I would not fail in pleasing you

If I could reach from pole to pole

or grasp the ocean with a span

I would be measured by the soul

the mind's the standard of the man'

- Joseph Merrick "The Elephant Man"

Editor: SuperAverageFoxyboy

Enjoy!

-Portal

Chapter 7: Bottle of Honey

Riz opened his eyes to complete darkness. He sighed, the same dream haunting his nights unlike any other. It had been months since the actual date of his murder, and still, Tem waltzed through his head, always bringing headaches and back pain the next morning. It hurt to think about it. He could barely remember the poor alpaca's voice, and yet he continued to wander through his mind like he was still around.

The large bear sat up, grabbing his neck in pain. It felt stiff and sore, a side effect of the medication that he took. All large breed carnivores taller than two meters were forced to take pills that decreased muscle mass. It was a safety measure to ensure that large breed carnivores held no more danger than smaller carnivores.

It was something that he, as well as most of his bear friends, had grown accustomed to. To feel like trash in the morning for the safety of your fellow classmates, co-workers, or friends of other species. They threw a whole lot of words at you just to avoid outright saying, "your biology was deemed too dangerous for society." But there was nothing to say against it. There were people that made the rules and the people that had to abide by them.

Riz opened the curtains, a few rays of sunshine shining into the room. Though daylight had started to arise, it was still not enough to awake his roommates. In fact, all were still snoring in their own dream-lands. The bear emerged from his bunk, beginning his morning routine with various stretching exercises. He had found out that morning activity lowered the severity of the side effects throughout the day.

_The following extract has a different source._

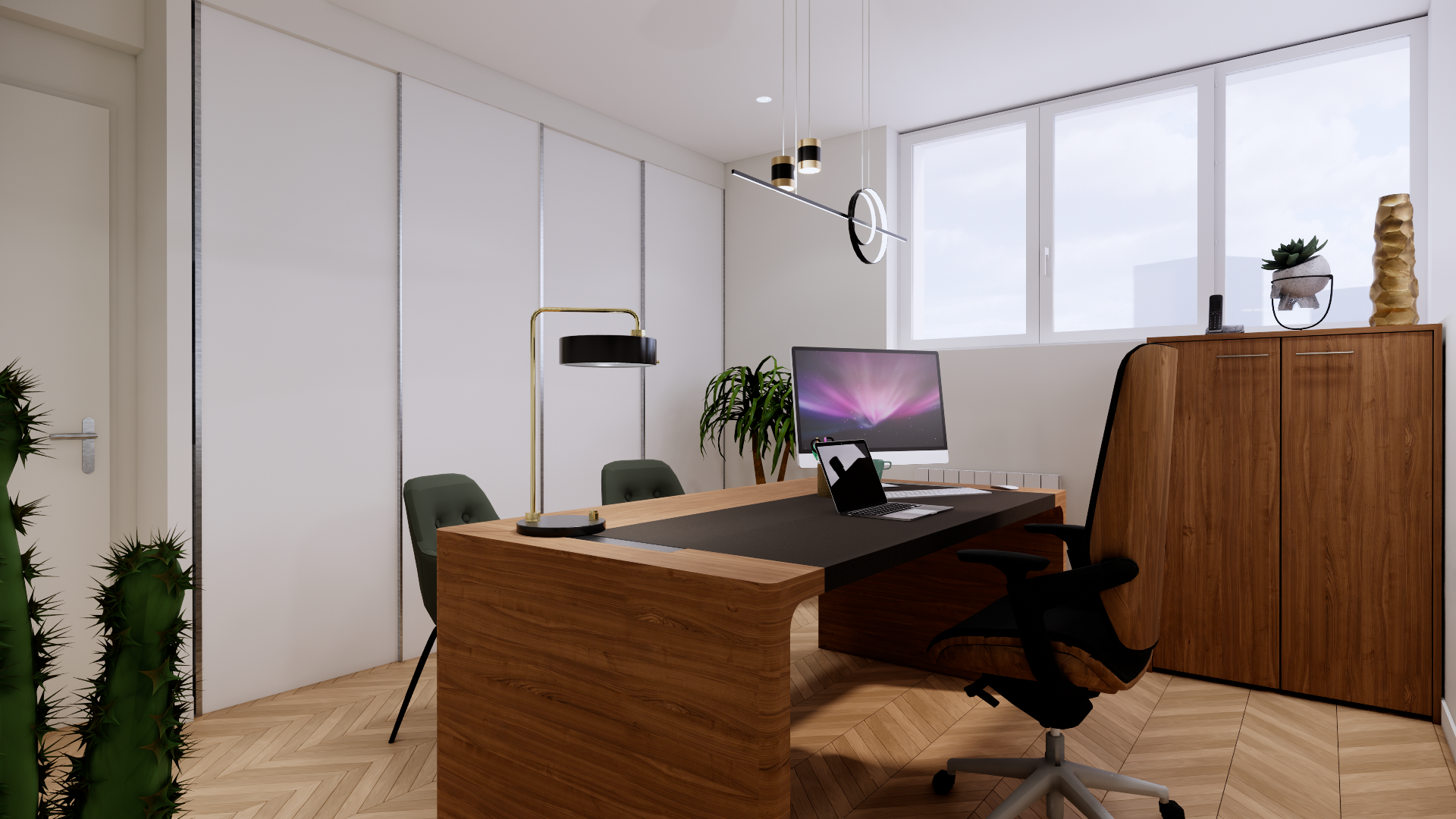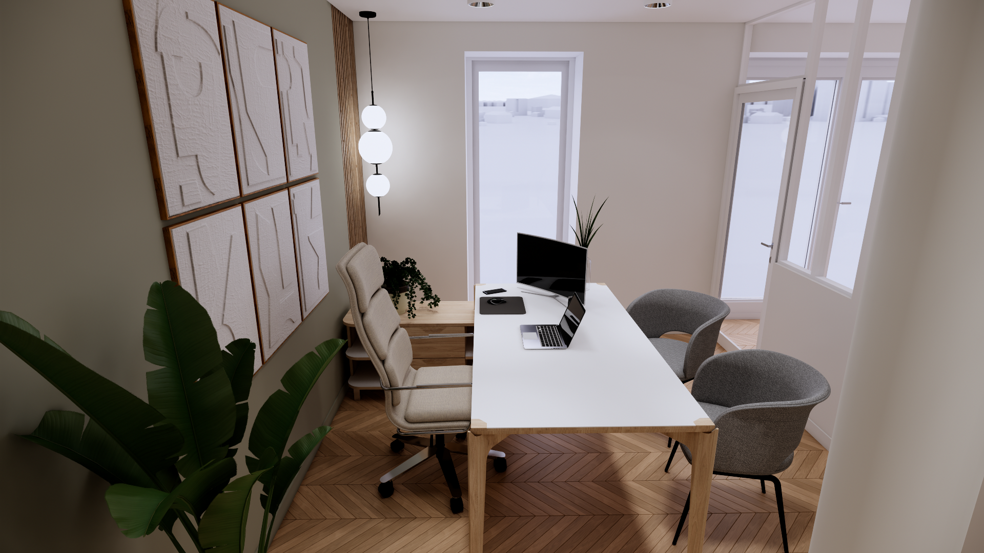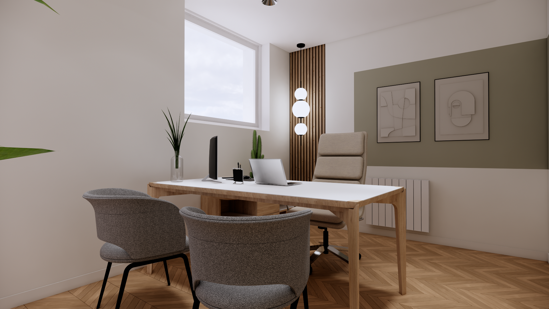 Le travail a été de lever les cloisons pour obtenir une agence avec ses 3 bureaux et sa cuisine/salle de réunion, en respectant l'accès PMR pour l'espace accueil et accès à 2 des bureaux. Il a fallu faire avec les contraintes de poteaux porteurs et les ouvertures existantes. Résultat : des espaces bien proportionnés, et agréables à y travailler.
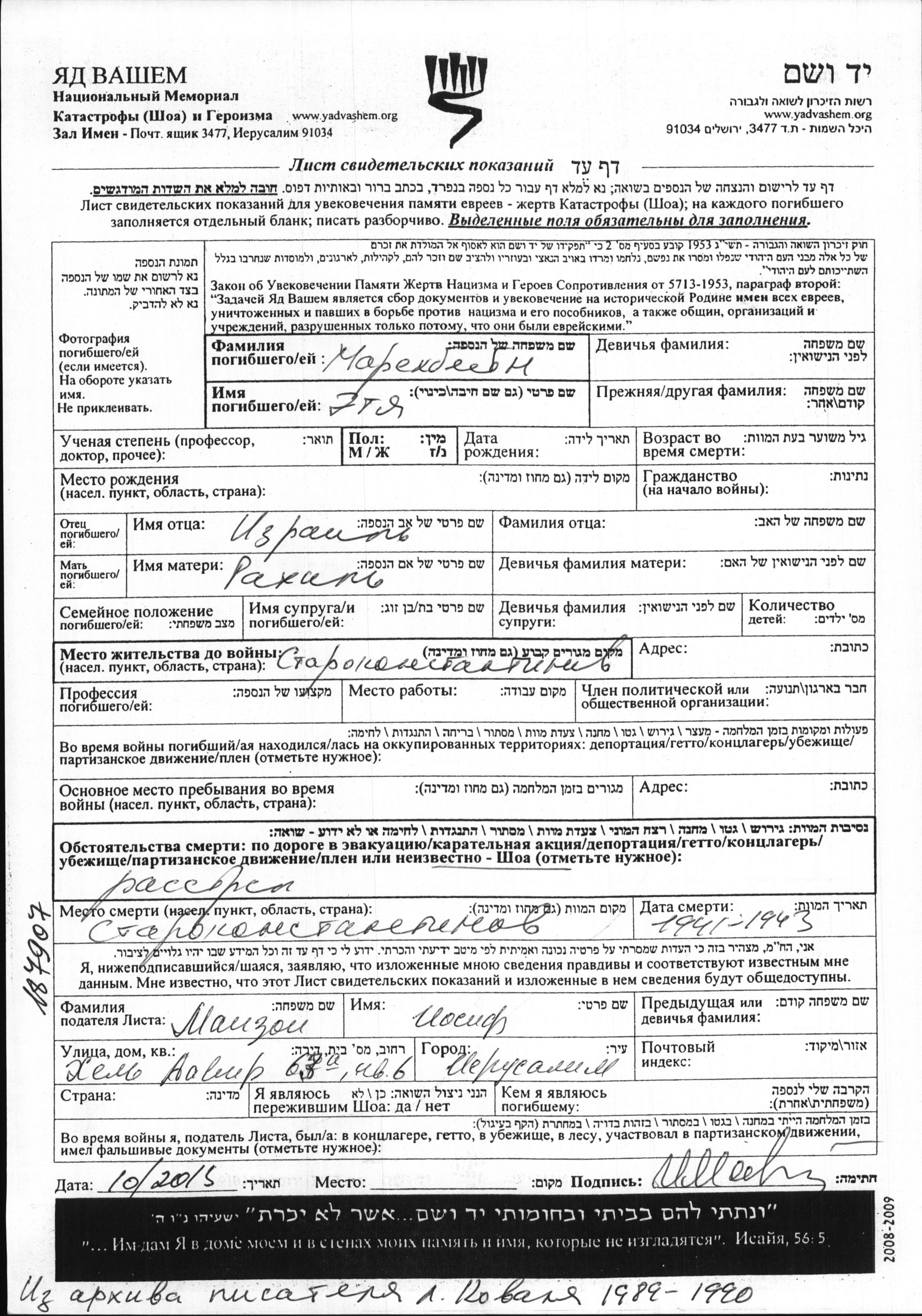 Yad Vashem - Pages of Testimony Names Memorial Collection

Afterward, he went to the bathroom, taking a long and warm shower before anyone else awoke. It was a place where he could stop thinking for a while. The last few weeks had been exhausting, the side effects growing worse with each new dream. He first blamed the full moon, driving him wild because of instincts. Instincts that fought against the pills and angered his system. But after a few days, he appeared.

Tem started to appear frequently, talking with the bear in his dreams. They were conversations he never had and would never have with the alpaca. Like Tem was talking to him through the afterlife, worried about the bear's mental and physical state. The conversations began with just a few sentences between two acquaintances, memories of run-ins mixed with his subconsciousness.

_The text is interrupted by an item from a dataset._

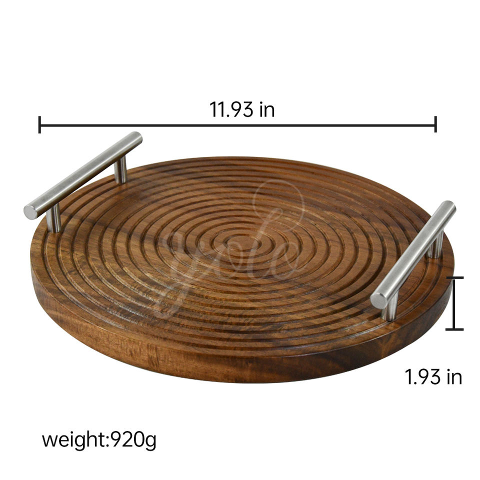 Petit déjeuner bois rond stockage des aliments plateau de service décoratif avec fond en rotin fait main pour comptoir de cuisine pièce maîtresse maison
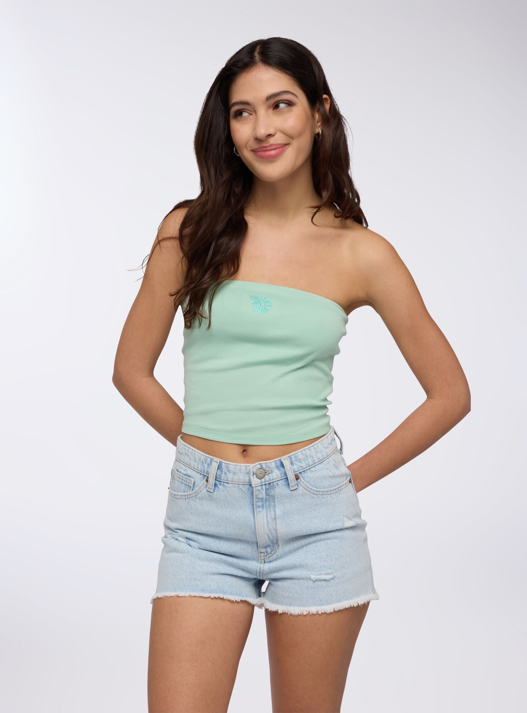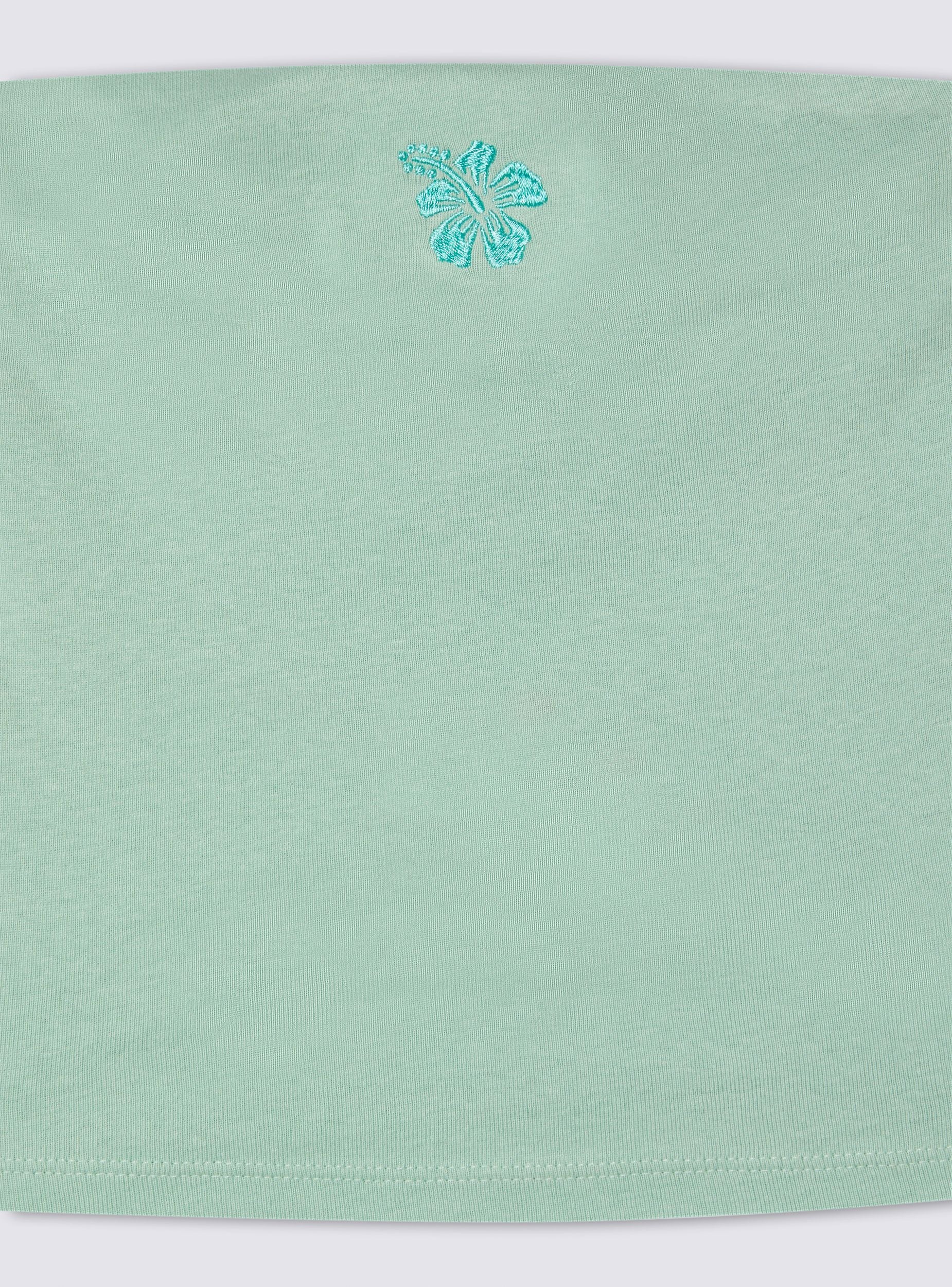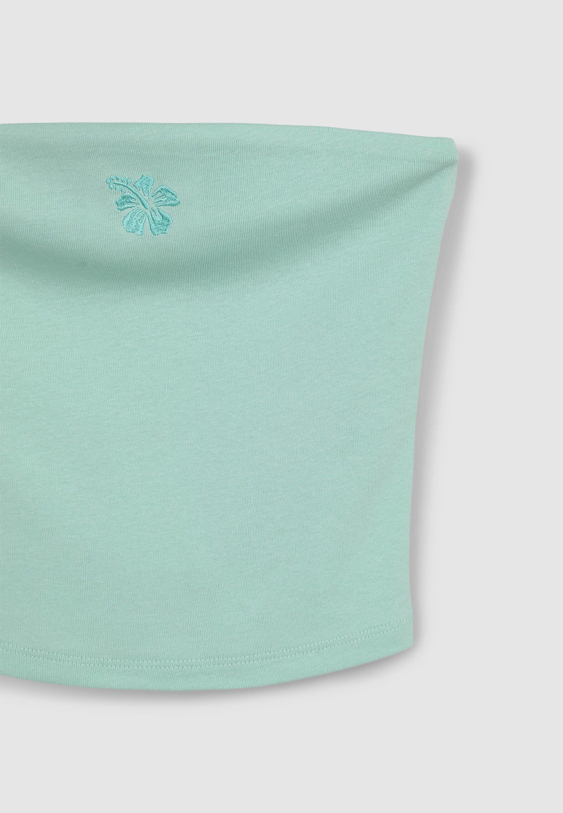 Top da donna dal design crop a fascia, ideale per un look fresco e versatile. Caratterizzato da una silhouette minimalista con dettaglio ricamato sul fronte che dona un tocco distintivo al capo. La sua struttura avvolgente assicura una vestibilità confortevole e femminile, perfetta per completare outfit casual o abbinamenti più sofisticati. La tinta unita lo rende facile da combinare, per uno stile sempre in linea con le tendenze.Detalji

Then, a few remarks turned to sentences. Sentences became paragraphs, and paragraphs turned into entire philosophical conversations. They turned so livid that Riz actually looked forward to the nightly visit of his friend. And yet still dreading the mornings after, which were always defined by even worse side effects. Tem always wanted to know how everyone was doing. How was Els, Ellen, Shira, Bill, and in the latest of dreams, how Legosi was doing. One night he even asked about Juno, a member that he had never interacted with before. Tem was always worried, caring about everything and everyone. Even those that weren't always the nicest to him. Riz found the notion to be heartwarming. A friend that even dead still worried about the people he spent most of his life with. He was lovely and caring even after his life ended prematurely.

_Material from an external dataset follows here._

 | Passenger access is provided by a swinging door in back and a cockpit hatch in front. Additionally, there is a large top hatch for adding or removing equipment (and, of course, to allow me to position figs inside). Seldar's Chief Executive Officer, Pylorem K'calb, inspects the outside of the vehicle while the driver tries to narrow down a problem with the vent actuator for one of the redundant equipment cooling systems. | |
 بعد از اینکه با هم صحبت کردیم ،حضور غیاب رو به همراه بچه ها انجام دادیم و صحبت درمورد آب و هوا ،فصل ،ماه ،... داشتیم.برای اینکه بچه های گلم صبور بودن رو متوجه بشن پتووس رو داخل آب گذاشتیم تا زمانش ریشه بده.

The last few nights had been no different, the alpaca asking him what was going on in the club. Riz was happy to tell him that a new member was coming soon. A wooled animal just like him. A Dall sheep as he heard. Even though the bear was tall and frightening to most herbivores, his quiet personality made him almost invisible. How many things people talked about, just because they expected a large bear to be an imbecile, one that didn't talk much. Some of his friends had problems with that. They felt ignored and shunned by the general populous, coping with overt kindness. But Riz didn't mind. He liked to be quiet and just listened to others talk. He heard a lot in the day, many things that came into use one way or another.

Sanu was too friendly for his own good, if any member asked about any information that he should normally keep under closed tabs, he would say it without thinking twice. And while talking to Louis about a few management things, they discussed the new arrival. A thing that was in the hearing range of the bear helping with the scene preparation. He had to admit it, he enjoyed that others often saw him as an instinct lead, blind and stupid carnivore. It made them lower their guard, giving him information without even realizing it. It was glorious.

Riz left the shower, putting on his uniform, a slight headache bothering him. When he left the bathroom, the first of his friends were groggily leaving his bunk.

"Riz… early as always…" Riz smiled at Victor, the bear handling waking up much worse than Riz himself.

"I like it early. It's so calm and peaceful," replied Riz to his friend, Victor stretching his limbs, opening his mouth in a big yawn. Riz smirked.

"I'm going to take my morning walk. You wake up and drink some of that honey." Victor nodded at his words, still half asleep and walking towards the bathroom. Riz smiled after him and left the room, following the rest of his usual morning routine.

Riz ventured down the hall, drinking his bottle of honey. The sweet liquid being his main remedy against the aggressive side effects of his medication. He always bought a pallet of them, making sure that he and his friends were steadily supplied. It was a cliche, sure, but it helped immensely. A single bottle in the morning was immediate pain relief in the early hours of the day, and it counteracted the side effects in the late afternoon.

Some groups of herbivores were already out in the hallways, ready to make their way to classes or meeting up with friends, per their herding instincts. They all automatically took their distance, walking as close to the wall as they could. Riz didn't mind. He was more concentrated on drinking his honey. He just kept on walking along to the next destination of his morning routine.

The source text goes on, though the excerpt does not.